Speaker
Description
In the study of dark matter detection at colliders, novel candidates have emerged to bridge between experimental data and theoretical models. Dark Showers (DS) are being studied as an extension of the Standard Model (SM), containing both invisible and visible particles that allow us to predict scenarios involving collider observables. Among these, Semi-Visible Jets (SVJs), represent a novel promising new signature, particularly those mediated by a massive $Z^{\prime}$ boson that enables the production of heavy dark hadrons. In such a scenario, jets enclose visible SM particles and invisible dark matter components, having more Missing Transverse Energy $E_{T}^{miss}$ (MET).

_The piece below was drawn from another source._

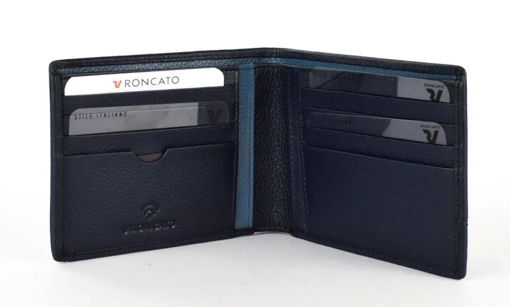 Portafoglio uomo sottile Roncato Alaska 2412. Realizzato in pelle di alta qualità , con vano portadocumenti e doppio vano portabanconote. Schermatura RFID

The complexity is further heightened since the poorly constrained nature of the dark sector; factors such as the dark confinement scale, dark meson masses and the fraction of the invisible DM hadrons. Our study considers different topologies, including a resonant heavy gauge boson $Z^\prime$, resulting in different approaches to study the kinematic features of the produced SVJs compared to those of the QCD ones, we are looking at correlations between the MET respect to their jet axes, alongside the EMD, Energy Correlation Functions and the Lund Jet Plane with the purpose of classifying SVJs from QCD jets and characterising them by finding a right description for a Machine Learning (ML) model to work with. For it, we are looking at a transformer-based NN to not only classify between SVJs and QCD jets but also, create pseudo-labels to cluster the data between invisible and/or visible particles.